(DATA BLOCK begins)
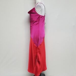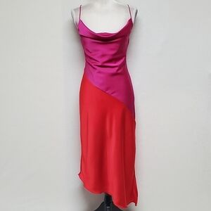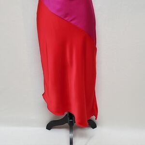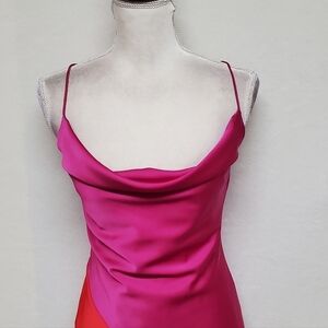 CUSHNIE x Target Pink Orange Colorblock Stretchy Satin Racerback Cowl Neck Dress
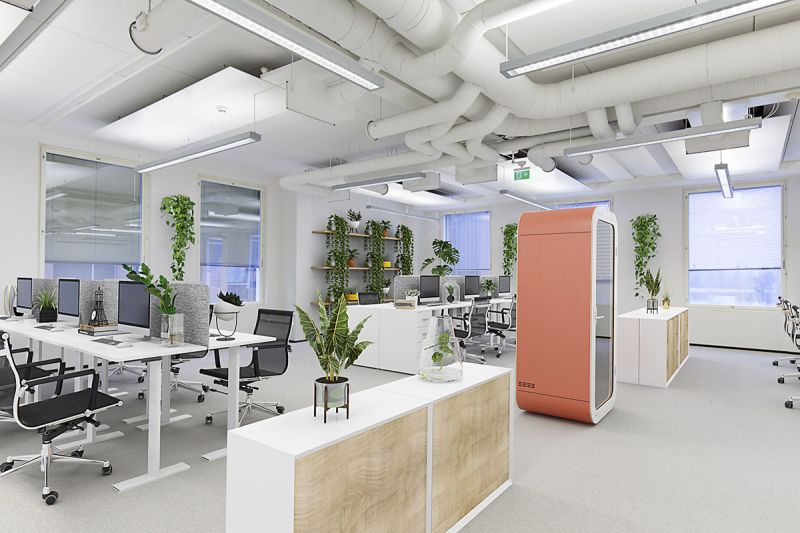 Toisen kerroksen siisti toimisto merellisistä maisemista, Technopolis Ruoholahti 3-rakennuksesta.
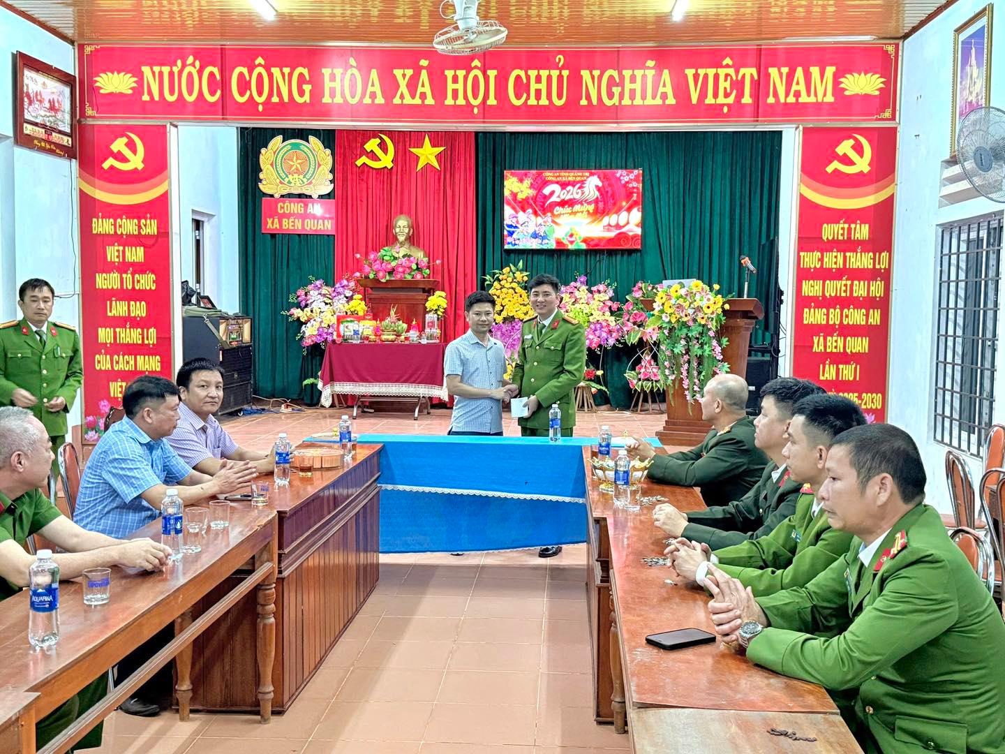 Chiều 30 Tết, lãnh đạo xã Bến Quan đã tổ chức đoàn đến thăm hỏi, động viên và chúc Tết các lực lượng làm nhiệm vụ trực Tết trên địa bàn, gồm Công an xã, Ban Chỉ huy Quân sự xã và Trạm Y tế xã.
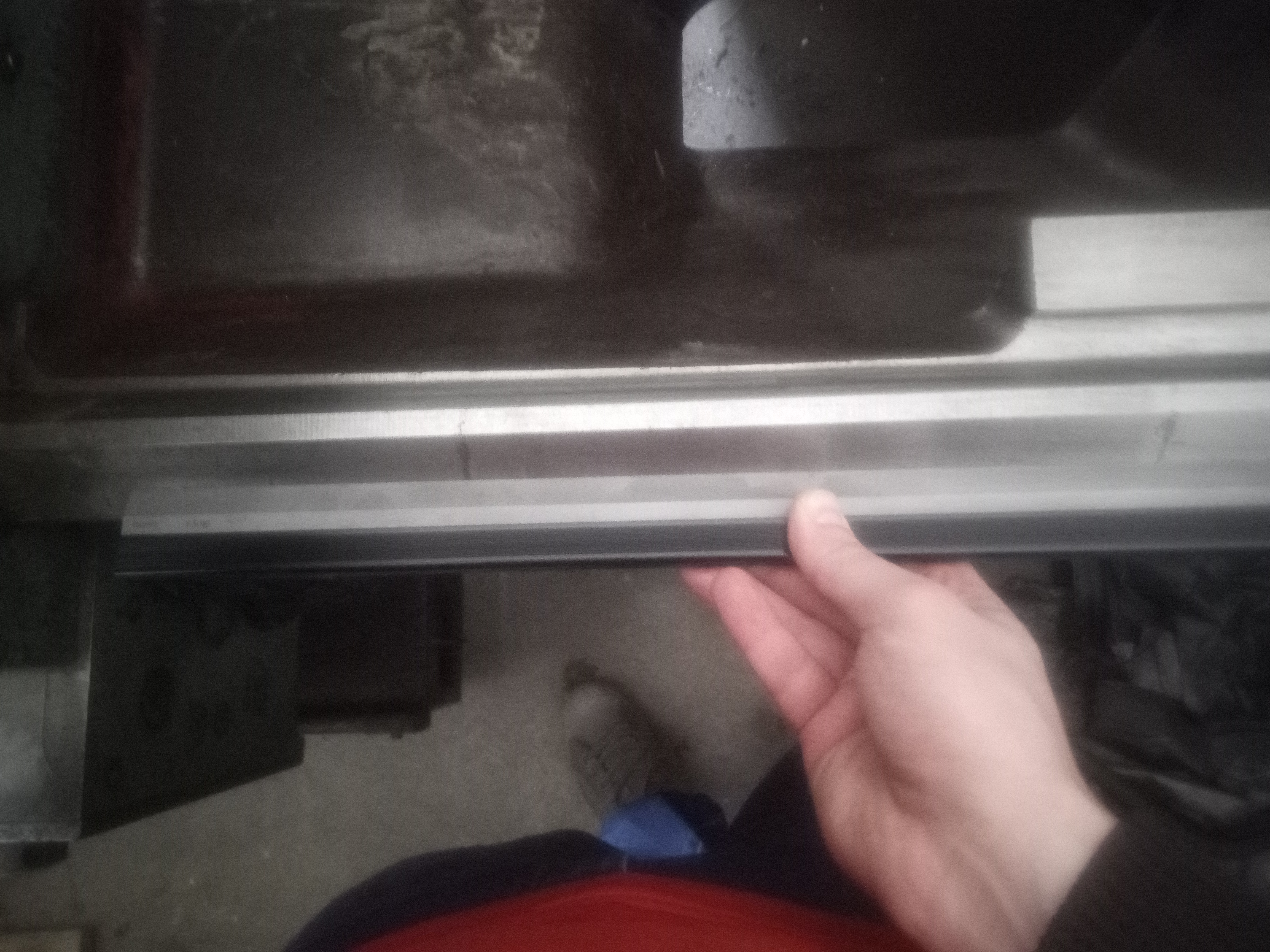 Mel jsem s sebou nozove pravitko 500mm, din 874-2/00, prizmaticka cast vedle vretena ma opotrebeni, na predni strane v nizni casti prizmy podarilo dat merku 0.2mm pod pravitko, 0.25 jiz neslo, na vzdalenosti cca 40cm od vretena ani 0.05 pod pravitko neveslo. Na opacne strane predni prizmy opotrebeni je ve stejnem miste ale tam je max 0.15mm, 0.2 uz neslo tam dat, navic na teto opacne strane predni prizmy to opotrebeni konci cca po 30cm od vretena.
(DATA BLOCK ends)
PROBLEM DETAILS >>
Your job is to reproduce the material exactly. Keep pictures out of it.

REPLY >>
 CUSHNIE x Target Pink Orange Colorblock Stretchy Satin Racerback Cowl Neck Dress
 Toisen kerroksen siisti toimisto merellisistä maisemista, Technopolis Ruoholahti 3-rakennuksesta.
 Chiều 30 Tết, lãnh đạo xã Bến Quan đã tổ chức đoàn đến thăm hỏi, động viên và chúc Tết các lực lượng làm nhiệm vụ trực Tết trên địa bàn, gồm Công an xã, Ban Chỉ huy Quân sự xã và Trạm Y tế xã.
 Mel jsem s sebou nozove pravitko 500mm, din 874-2/00, prizmaticka cast vedle vretena ma opotrebeni, na predni strane v nizni casti prizmy podarilo dat merku 0.2mm pod pravitko, 0.25 jiz neslo, na vzdalenosti cca 40cm od vretena ani 0.05 pod pravitko neveslo. Na opacne strane predni prizmy opotrebeni je ve stejnem miste ale tam je max 0.15mm, 0.2 uz neslo tam dat, navic na teto opacne strane predni prizmy to opotrebeni konci cca po 30cm od vretena.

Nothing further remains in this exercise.